Questions to social partners

The Commission addresses seven specific questions to the social partners, covering the following issues:

  • their long-term vision for the organisation of working time;
  • the impact that changes in working patterns and practices have had on the directive’s application;
  • their experience of the functioning of the directive;
  • their views on the Commission’s analysis of working time, set out in its consultation paper;
  • whether the Commission should amend the Working Time Directive;
  • whether any non-legal action at EU level is required;
  • whether they would consider negotiating on any of the issues contained in this consultation.

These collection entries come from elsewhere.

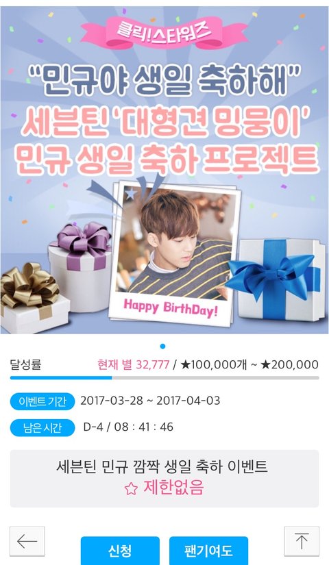 민규 생일 서포트 입금 참여가 넘 저조하대ㅠㅠ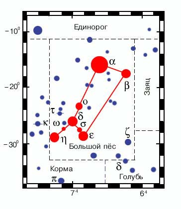 Созвездие Большого Пса. Наиболее благоприятные условия видимости в декабре – январе. Видно в южных районах России.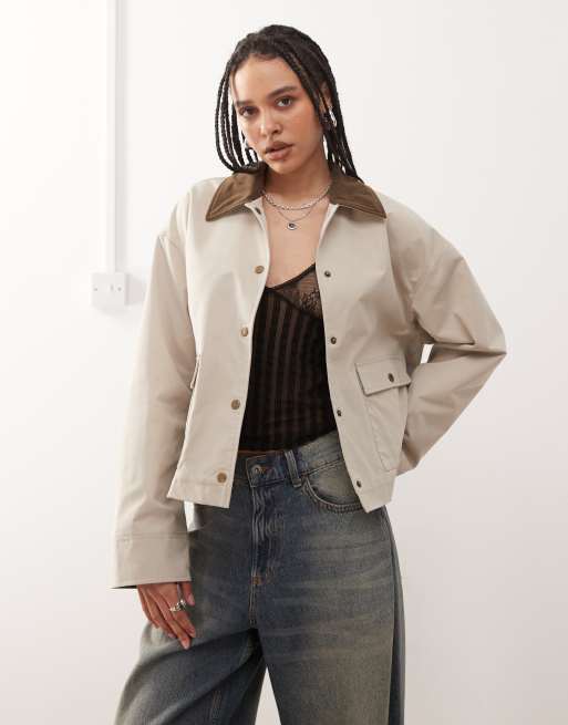 Noisy May – Beige, lätt jacka med kontrastfärgad krage

At this stage, the Commission is looking for views on whether action is needed at EU level, and on the scope of any action. After examining the views submitted, the Commission will decide whether EU action is advisable. If the Commission decides that it is, it will launch a second-phase consultation.


This is the latest development in the long-running saga regarding the revision of the Working Time Directive (see, for example, EU0812019I, EU0807049I, EU0802019I, EU0612019I, EU0402203F). The Commission’s previous attempt to revise the directive foundered due to a lack of agreement between the Council and the Parliament on key issues such as an end date for the opt-out from the 48-hour week. In this new attempt at revision, the Commission is seeking a broader approach that it hopes will reflect the significant changes that have taken place in the organisation of working time over the past 20 years.

The European Trade Union Confederation (ETUC) is in favour of substantial revision of the directive. In a press release issued in response to the consultation, ETUC states that it is ‘expecting proposals from the European Commission that stimulate modern, sustainable and negotiated solutions, taking into account the needs of businesses and workers in a balanced way’.

The European employer organisation BusinessEurope has in the past indicated that it is in favour of maintaining the opt-out from the 48-hour week. However, it wants changes in the directive that supersede the ECJ interpretation of on-call time, which it views as costly for business and public service.